Per una barca di queste dimensioni, stare ferma non significa semplicemente restare all’ancora. Gli impianti devono essere alimentati, le strutture controllate, le superfici protette, gli apparati tecnici mantenuti in efficienza. Un superyacht non curato si deteriora rapidamente e, nel caso di un bene sotto sequestro, lo Stato ha il dovere di conservarlo. È questo il nodo che rende il caso Sailing Yacht A diverso da molte altre storie di barche bloccate: il bene non può essere usato, ma non può nemmeno essere abbandonato.
Il rinnovo della classe e la partita con Genova
Il nuovo intervento per la certificazione di classe aggiunge un altro passaggio delicato. La classe non è un dettaglio formale: certifica che la nave risponde a determinati requisiti tecnici e di sicurezza. Per rinnovarla servono controlli, ispezioni e lavori che possono coinvolgere scafo, impianti, apparato propulsivo, sistemi elettrici e dotazioni di bordo. Su una nave lunga 143 metri, anche un controllo programmato diventa un’operazione complessa.

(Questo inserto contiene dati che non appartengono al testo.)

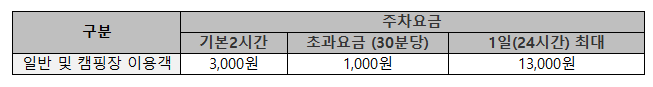 • 대형차량, 캠핑카는 지정한 주차장소만 이용가능하며 (지정장소가 만차인 경우 주차 불가)

Trieste parte da un dato evidente: lo yacht è già lì. La città lo conosce, lo ospita da anni e dispone di una tradizione industriale legata alla grande cantieristica. Genova, dall’altra parte, ha costruito negli ultimi anni una forte specializzazione nel refit dei superyacht, con cantieri e servizi abituati a lavorare su unità di grandi dimensioni. La scelta del luogo in cui eseguire i lavori non sarà quindi solo tecnica, ma anche logistica, economica e amministrativa.
C’è poi un aspetto meno visibile ma importante: se il Sailing Yacht A lasciasse Trieste per andare in Liguria, potrebbe non tornare più nel golfo. Per la città sarebbe la fine di una presenza ingombrante, anche se ormai familiare, che ha diviso lo sguardo dei triestini tra curiosità, fastidio e abitudine. Per anni quel profilo bianco, fermo davanti alla costa, ha ricordato quanto la guerra in Ucraina abbia prodotto effetti anche lontano dal fronte, fino dentro i porti italiani.
Costi, sequestro e futuro del Sailing Yacht A
La vicenda giudiziaria, intanto, non è chiusa. Le controversie sulla proprietà e sul controllo del bene sono ancora parte del quadro legale europeo. Una recente pronuncia della Corte di giustizia dell’Unione europea ha confermato che, nel campo delle sanzioni, il controllo su un bene può essere valutato anche oltre la titolarità formale, ma la decisione finale resta affidata ai giudici nazionali competenti.
Per la nautica italiana, il caso Sailing Yacht A è diventato un banco di prova insolito. Da una parte c’è una nave che deve essere mantenuta in efficienza. Dall’altra ci sono costi pubblici elevati, procedure complesse e cantieri che potrebbero essere chiamati a lavorare su uno degli yacht più difficili da gestire al mondo. La prossima scadenza tecnica non risolverà la storia del Sailing Yacht A, ma potrebbe decidere dove questa storia continuerà a essere scritta.
Dall’altra parte sarebbe sbagliato, come fanno molti giornali, sostenere che lo Stato italiano, su questo sequestro, ci stia rimettendo tanti soldi. Lo Stato anticipa i soldi di manutenzione, ma poi, quando la guerra sarà finita, se il suo proprietario rivorrà la sua barca dovrà risarcire completamente lo Stato. Se così non sarà, la barca andrà all’asta e il ricavato, che sarà molto superiore ai pochi milioni di costo di manutenzione — la barca, da nuova, aveva un valore di 530 milioni di euro e oggi il suo valore è stimato intorno ai 350 milioni — servirà a ripagare le spese dello Stato italiano. Quello che avanza andrà al legittimo proprietario.